Investors in gold and silver exchange-traded funds get a big boost from QE3, as the metals move inversely to the price of the U.S. dollar.

The SPDR Gold Trust ETF (NYSE:GLD), which mirrors the current price and trends in physical gold, is sitting near a multi-month high. Investors have poured more than $1.82 billion into the fund over the past four weeks, according to Index Universe. GLD is up nearly 7% in the past month and more than 10% this year.

The iShares Silver Trust (NYSE:SLV) backs physical silver and is up more than 18% in the last four weeks as silver prices have soared.
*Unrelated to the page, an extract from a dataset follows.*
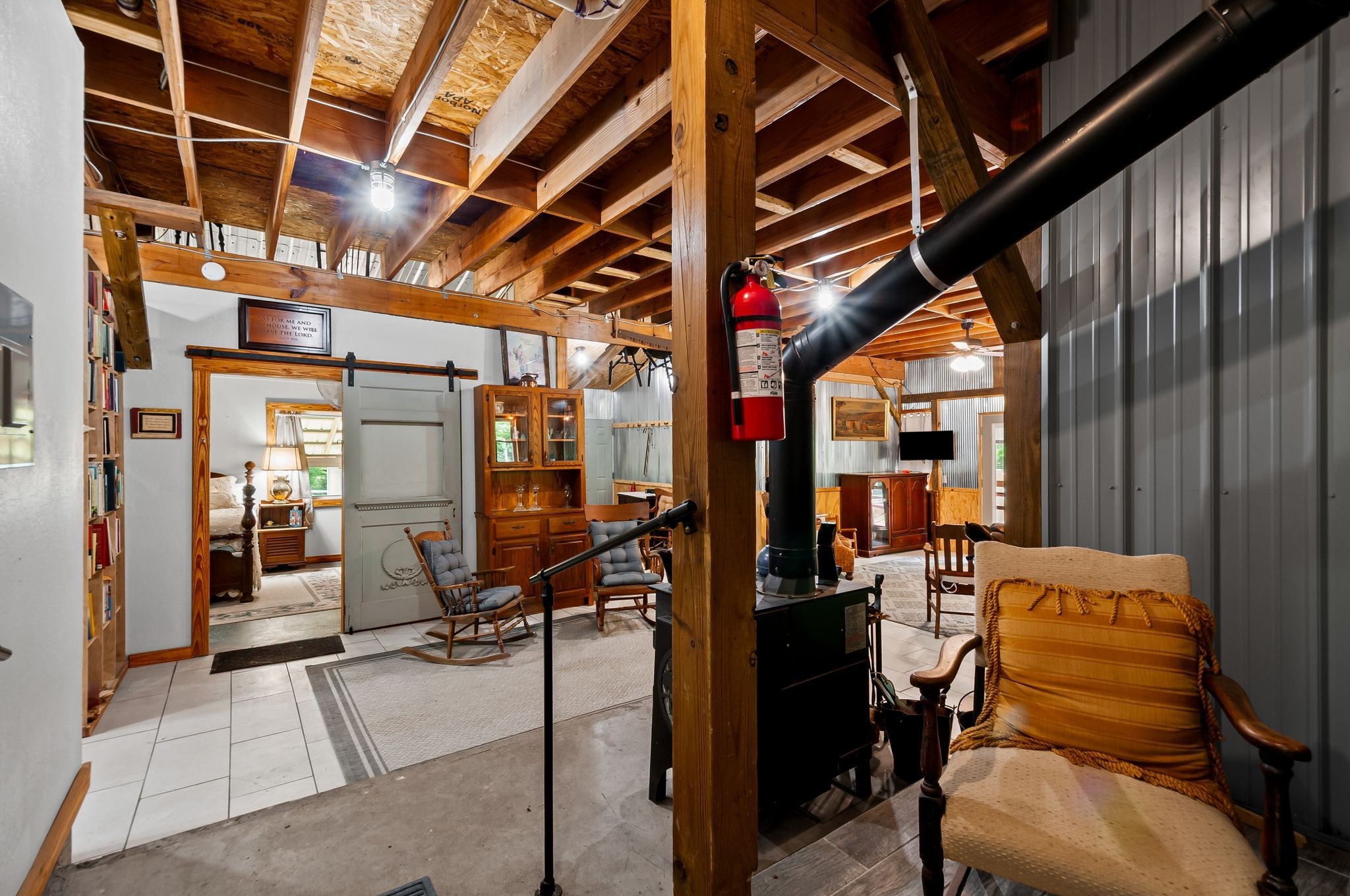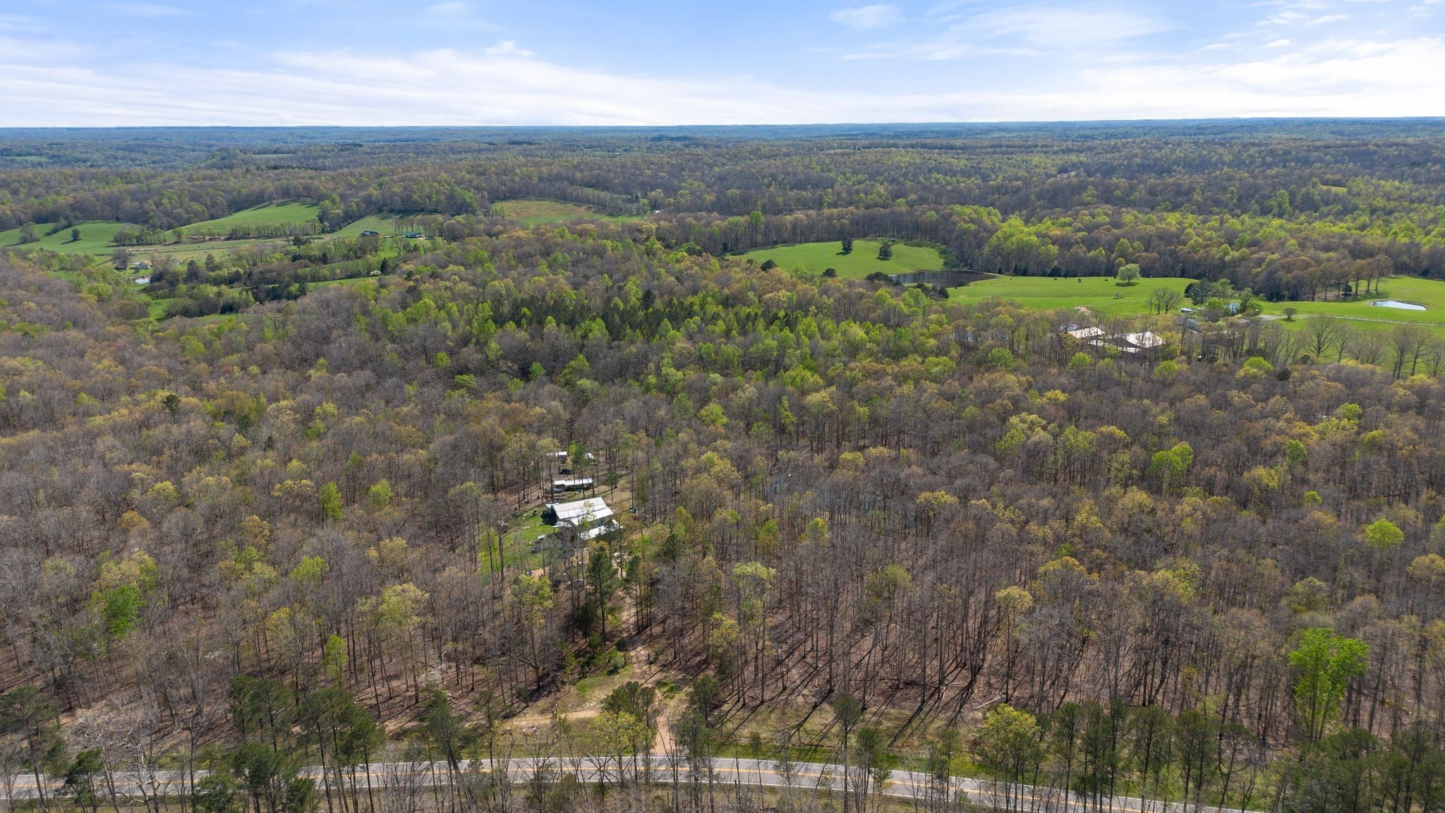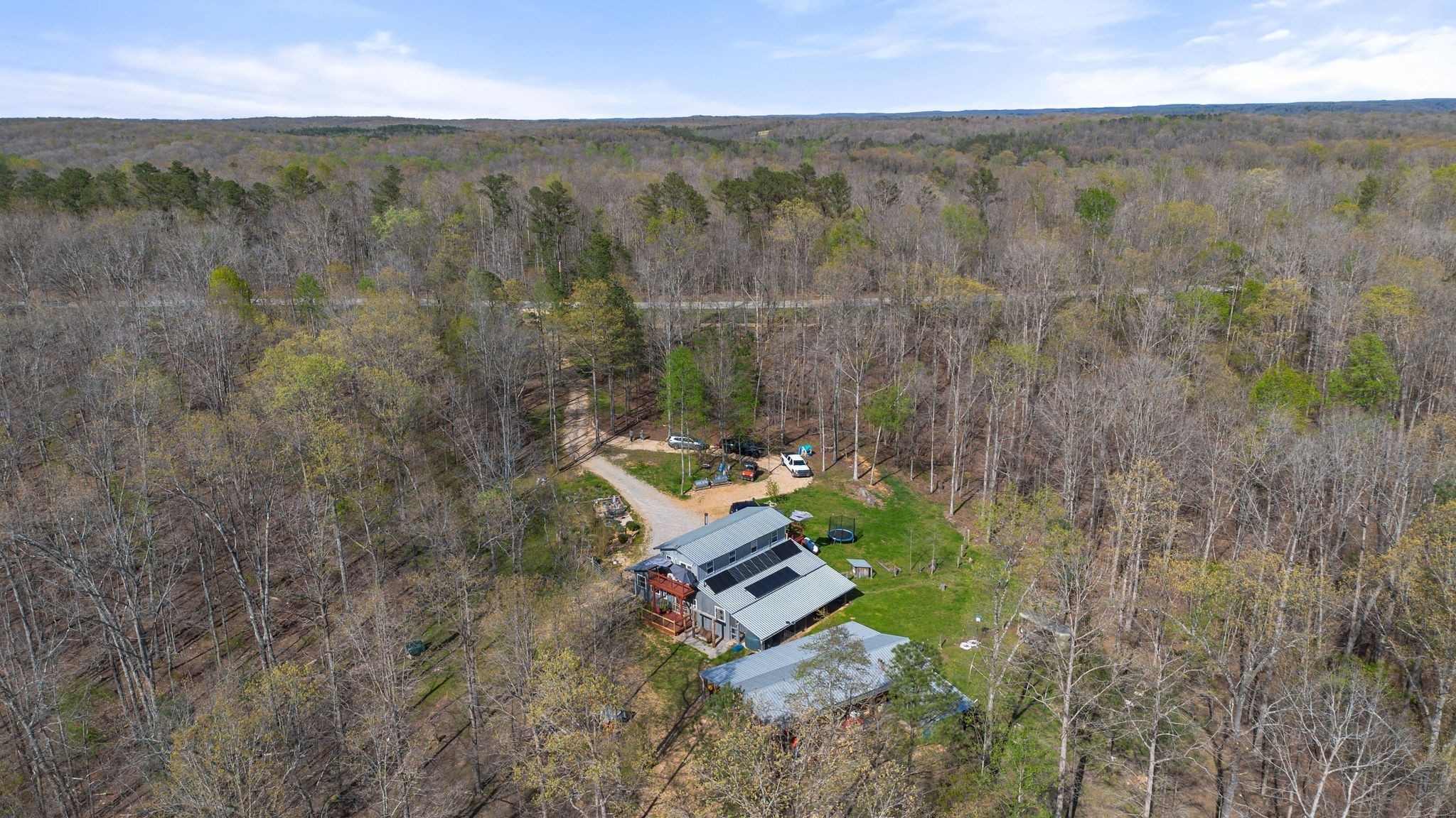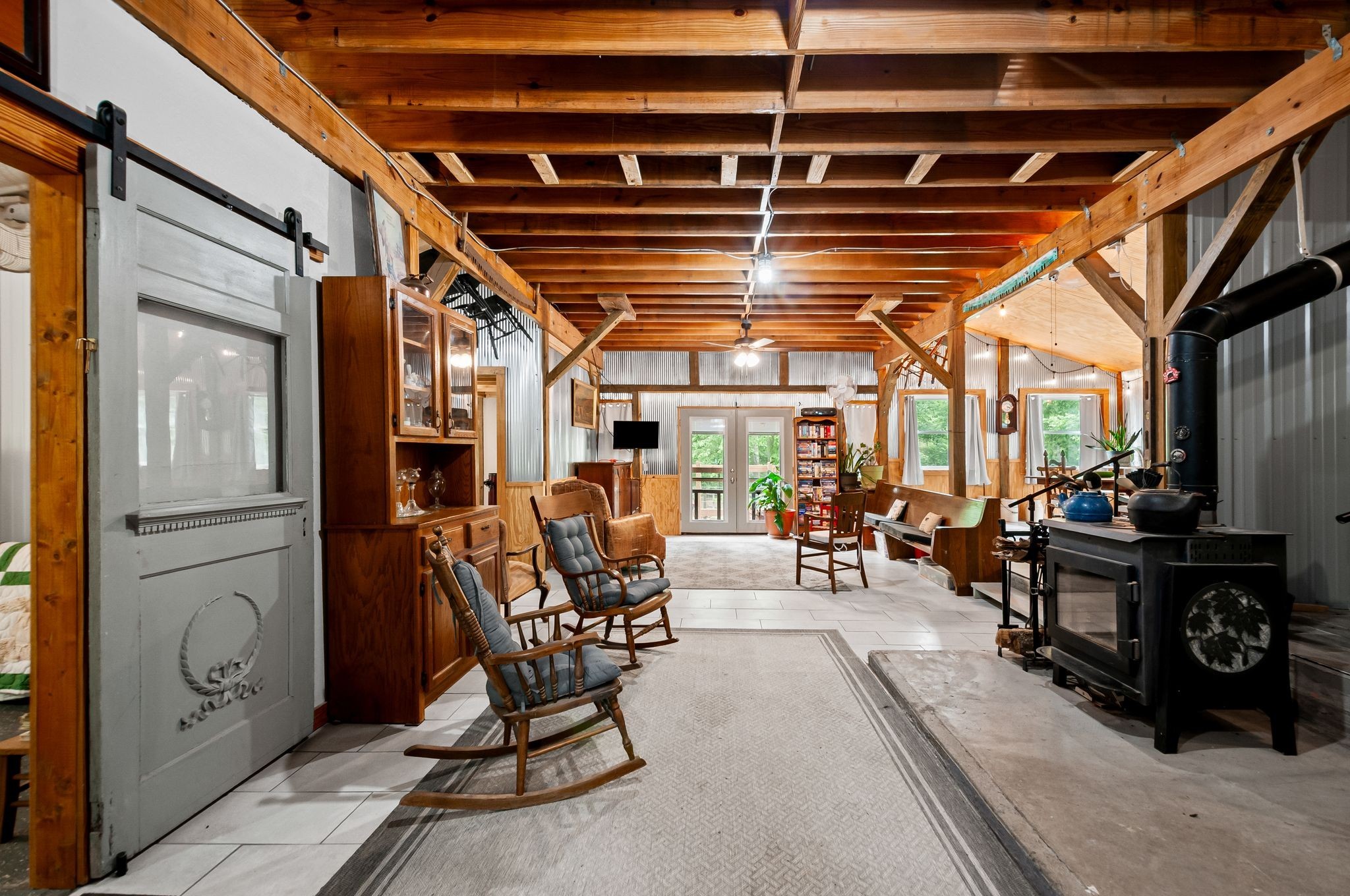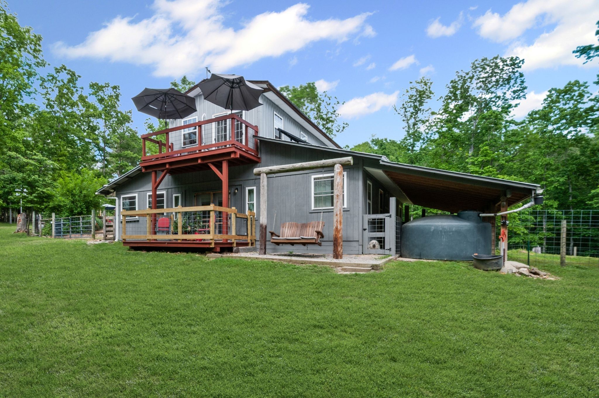 Unwind on your own 12+/- acre homestead in the rolling forest of Southwestern Middle Tennessee, just an hour from Franklin and Nashville on State Hwy 230 providing easy access to I-40. This delightful 2-bedroom, 2-bath modern barn seamlessly blends off-grid living with contemporary comforts. Embrace sustainability with solar power (with easy ability to tie into the power grid) and a 1,500-gallon rainwater collection system, allowing you to choose between city water and rainwater for you and your livestock. A gorgeous 1/3-acre pond sits in the valley below the home, providing additional opportunities for livestock and wildlife watering. Inside, the home boasts a soapstone wood-burning stove on the main floor, creating heat for both the first and second. Fully fenced and cross fenced with woven wire, ideal for privacy and livestock control.

Traders are taking notice, pouring $55.41 million into the exchange-traded fund since August 12.

Of course, if you think the rally has run its course, there are ways to play that, too. The UltraShort Gold ProShares ETF (NYSE:GLL) tracks two times the inverse performance of physical gold, the exact opposite of GLD. The exchange-traded fund is constructed to rise as the index falls while seeking to deliver twice the daily return. With the recent surge in gold, GLL is down nearly 25% since January 1.

The ProShares UltraShort Silver ETF (NYSE:ZSL) is a direct bet against the SLV, seeking investment results corresponding to twice the opposite of the performance of silver bullion. The risky ZSL is down more than 30% in the past month while attracting $17.79 million in inflows since August 12.